About this task: Your answer should be an exact copy of the lines from the one holding "two story light" to the end of the material below, pictures left out.

Data provided:
◆ ◆ ◆ ◆

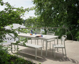 “The Linear Steel Series was designed from the idea of presenting durable materials in a sophisticated and understated expression for outdoor use with its form language inspired by the notion of meetings—the meetings of lines, the meetings of shapes and the meetings of materials. The design is defined by its straight lines for a contemporary yet timeless aesthetic through the details of its folded edges, halfcircular intersecting legs and small spacing for easy outflow of water. It is through these subtle elements that the Linear Steel Series translates the values of elegance, longevity and functionality into modern outdoor furniture.”
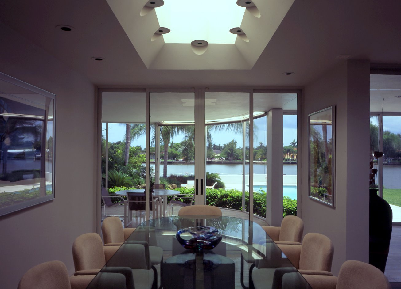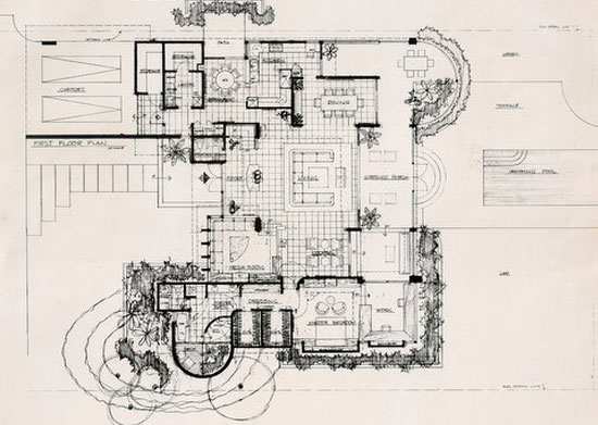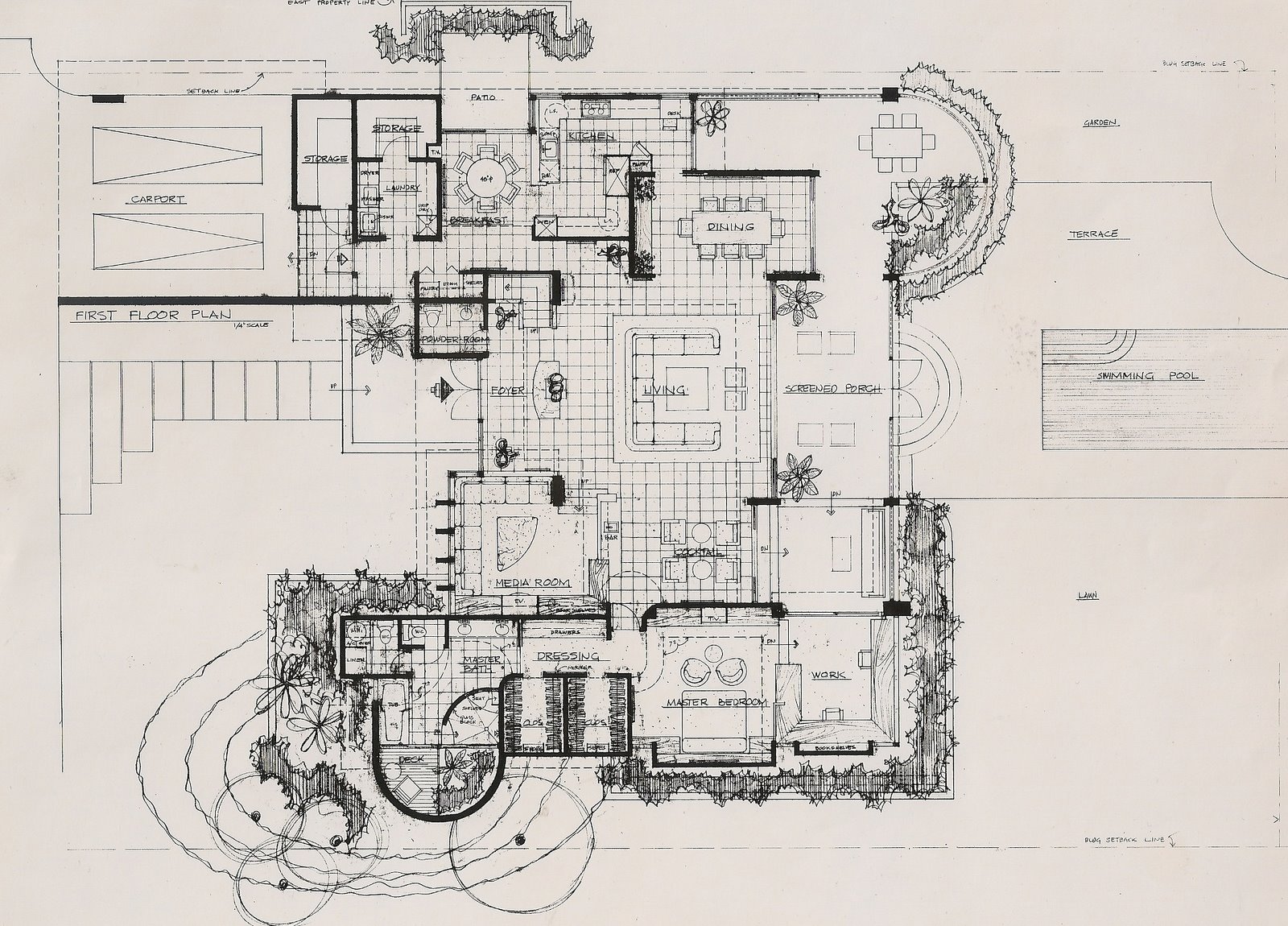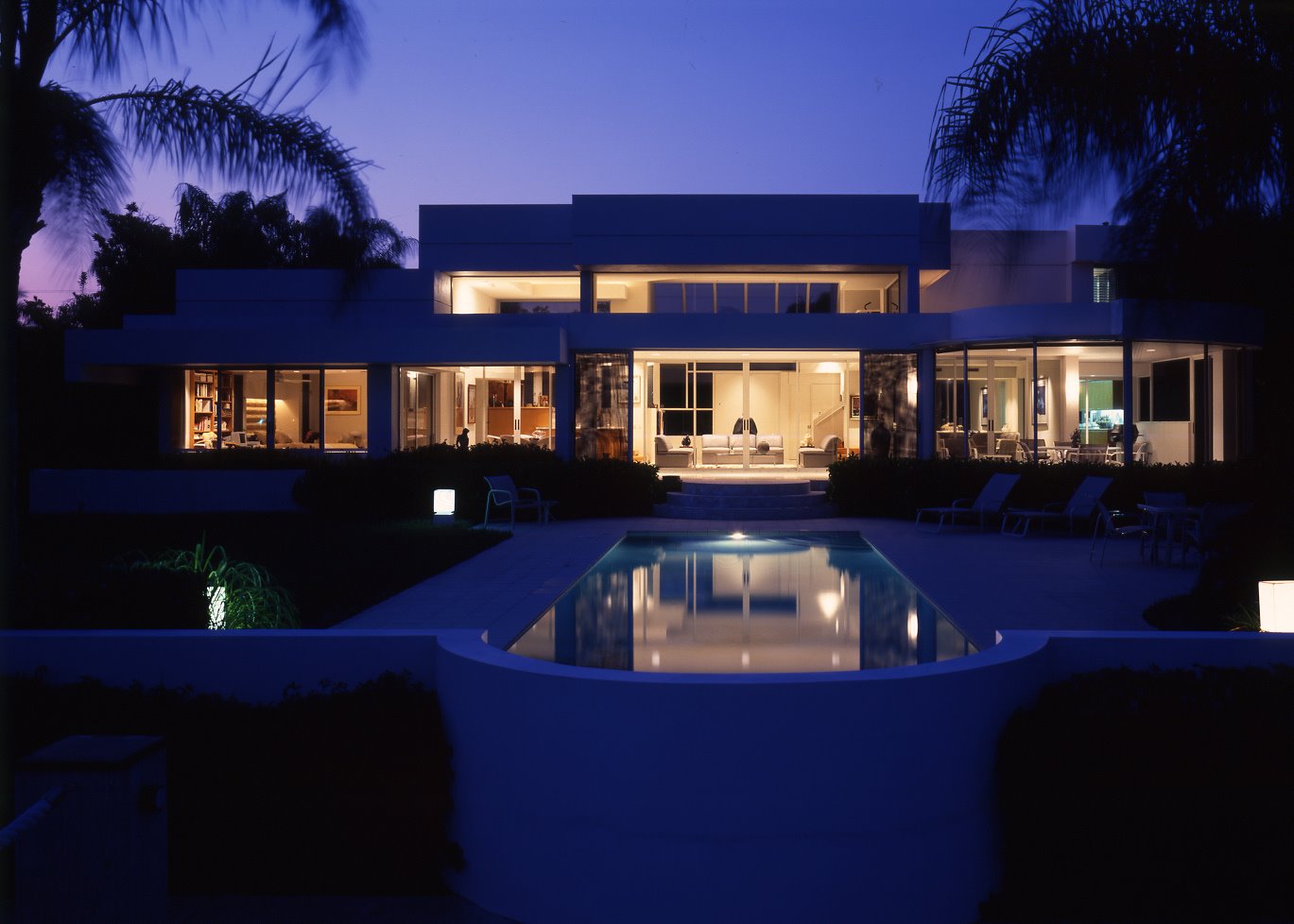 two story light filled space, flanked on one side by the master bedroom suite and on the other by the dining room, kitchen and service areas. A media room is tucked into one corner of the living room, up four steps and under a lower ceiling, creating an intimate area for TV, reading and listening to music. A long covered screened terrace orients all spaces to the swimming pool and to the lake view beyond. Two guest bedrooms are hidden on the second floor.
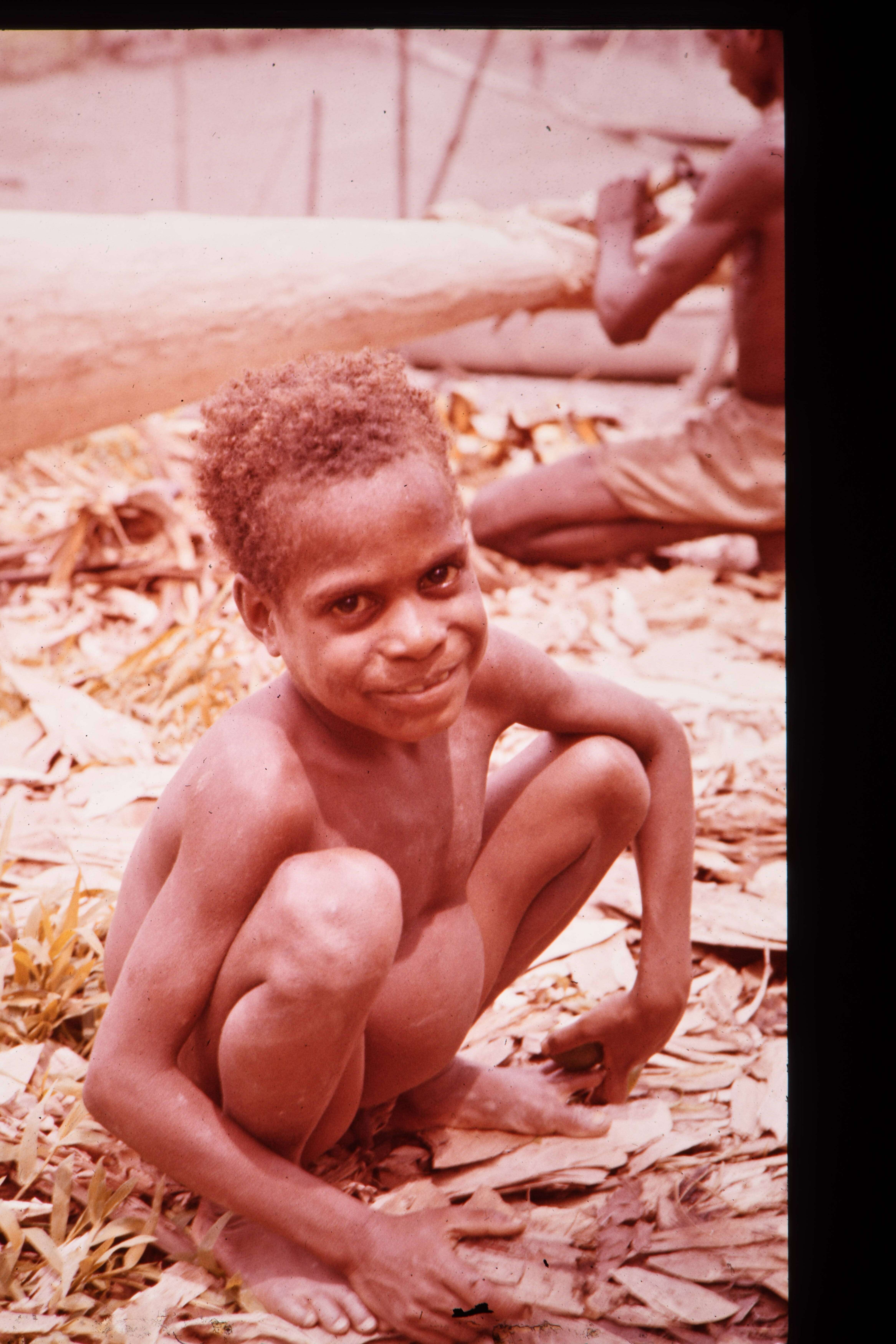 In de modderige kali-oever naar benlen liggende loopboom, met er schuin opgetrokken prauwen, terwijl aan de overkant van de kali een jongen een dergelijke boom afloopt. 10 feb. 1961.
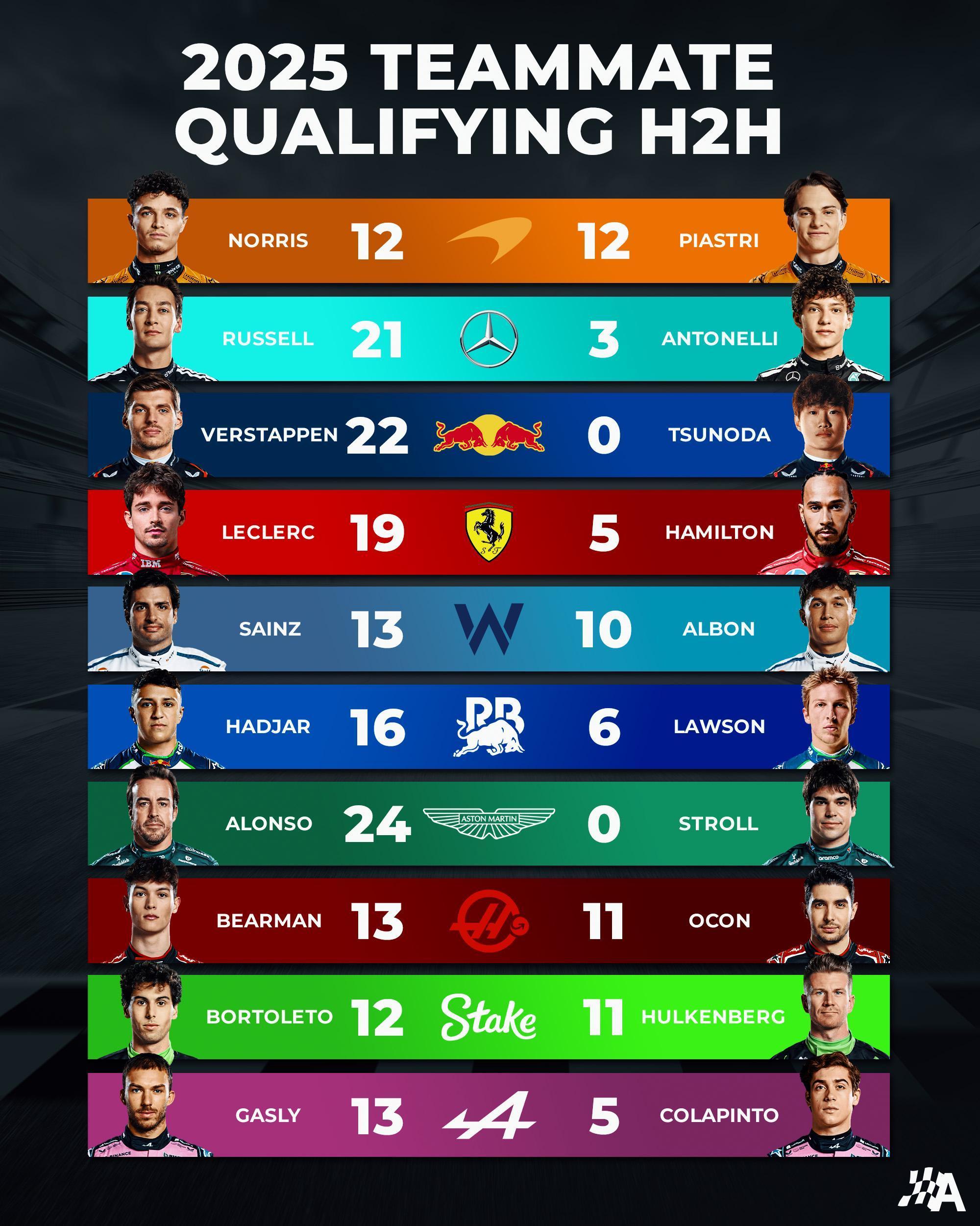 f1 2025赛季的排位赛“队内争霸”~👇2025f1阿布扎比大奖赛

◆ ◆ ◆ ◆

Answer for the task:
 two story light filled space, flanked on one side by the master bedroom suite and on the other by the dining room, kitchen and service areas. A media room is tucked into one corner of the living room, up four steps and under a lower ceiling, creating an intimate area for TV, reading and listening to music. A long covered screened terrace orients all spaces to the swimming pool and to the lake view beyond. Two guest bedrooms are hidden on the second floor.
 In de modderige kali-oever naar benlen liggende loopboom, met er schuin opgetrokken prauwen, terwijl aan de overkant van de kali een jongen een dergelijke boom afloopt. 10 feb. 1961.
 f1 2025赛季的排位赛“队内争霸”~👇2025f1阿布扎比大奖赛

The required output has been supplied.